Plus loin, Aubry/Ayrault font le même constat que l’écologie politique sur les « nouveaux défis planétaires : le changement climatique et ses dangers, la course au moindre coût avec ses dégâts humains et environnementaux, la crise alimentaire et le choc énergétique qui vont accroître la pauvreté dans les nations et les tensions entre grands ensembles régionaux, l’orientation éthique des bouleversements de la technique ». Aubry/Ayrault déclarent que « Le défi premier, le défi vital, c’est le rapport à la planète elle-même. Raréfaction de l’eau, épuisement des énergies fossiles, déforestation, appauvrissement de la biodiversité, urbanisation incontrôlée : nous faisons comme s’il y avait une seconde Terre à investir une fois épuisées les ressources de celle qui nous accueille. Partout, périls écologiques et inégalités sociales se renforcent mutuellement ». Comment Aubry/Ayrault vont-ils donc agir face à cette urgence écologique ?

Rien que du bonheur : « Nous plaidons pour les circuits locaux pour l’agriculture et la pêche avec des clauses de proximité dans les marchés publics, le déploiement des transports collectifs décarbonés, une production industrielle et une construction de logement économes en énergie. Oui, le socialisme à venir est une social-écologie. La planète est un tout : c’est un fait sans précédent dans l’histoire de l’humanité ». Mais tout de suite après on revient au bla bla bla habituel, « bonne utilisation de l’argent public », « laïcité », « lutte contre les discriminations », « urbanisme humain »,  etc. La sortie de crise se résume aux vieilles recettes, filières d’avenir, compétitivité internationale, pouvoir d’achat, croissance et réduction des déficits, solidarité budgétaire de l'Europe… L’écologie a disparu jusqu’à la fin du texte, sauf une exception (tarifs progressifs de l'eau et de l'énergie) et un nouvel oxymore (l'écologie productive).

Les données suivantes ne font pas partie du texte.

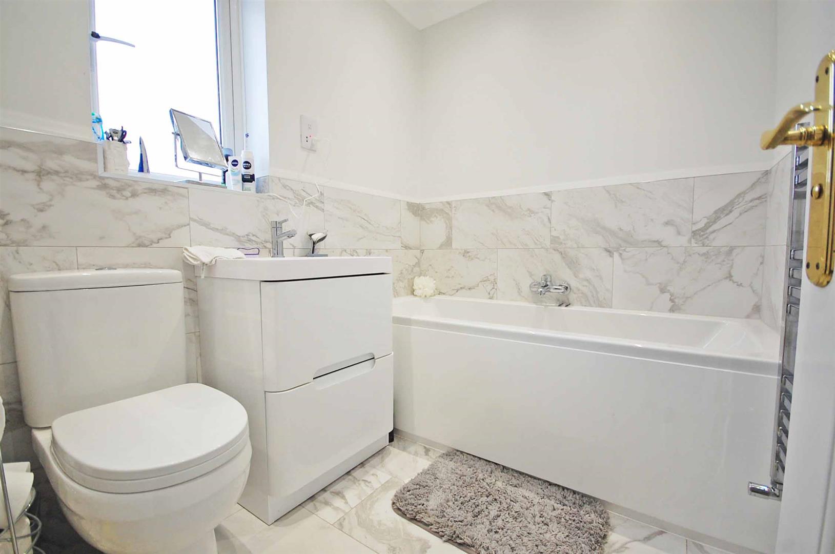 Double glazed opaque window to rear aspect, fully tiled walls, panelled bath with central mixer taps, low level WC, pedestal wash hand basin, heated towel rail, tiled flooring, smooth ceiling.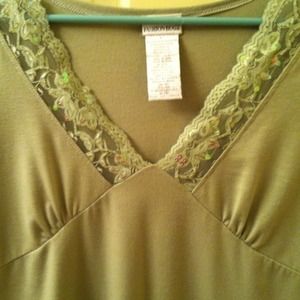 Light olive green color with lace at V. Lace has a few sequins and beads in it. Short sleeves. Very pretty. 45 polyester 45 rayon 10 spandex

Voici pour les mots, voyons pour les actes. Le premier ministre Ayrault a déjà viré sa ministre de l’écologie qui lui tenait tête, le ministre du redressement productif voudrait sauver le mode de déplacement le plus pernicieux (la voiture individuelle) et penche pour le nucléaire filière d’avenir, le ministre de l’agriculture se positionne contre la commission européenne en défendant l’indéfendable (le chalutage profond en mer),  la ministre de la culture soutient la publicité qui fait le vide dans les cerveaux (en préconisant son rétablissement à la télé de service public), la ministre de l’écologie pense comme son Premier ministre, elle voudrait un nouvel aéroport à Notre-Dame-des-Landes. Quant à la conférence sur l’environnement (14-15 septembre), le blabla commence, il durera cinq ans. Nous n’avons aucune confiance dans les grandes déclarations « écologistes » du parti socialiste…

 

Pour ceux que la politique politicienne ne répugne pas, nous rappelons les dates du prochain Congrès du PS. Les militants socialistes seront invités à départager les motions par vote le jeudi 11 octobre ; les premiers signataires de ces motions ont vocation à être le ou la première secrétaire après le congrès qui a lieu du 26 au 28 octobre à Toulouse.

 

Le dépôt des motions a eu lieu le mercredi 12 septembre. Mais le pôle écologique du PS disparaît en ne présentant pas de motion. Inutile donc à notre avis de participer à ce congrès social-démocrate dont la ligne directrice reste productiviste.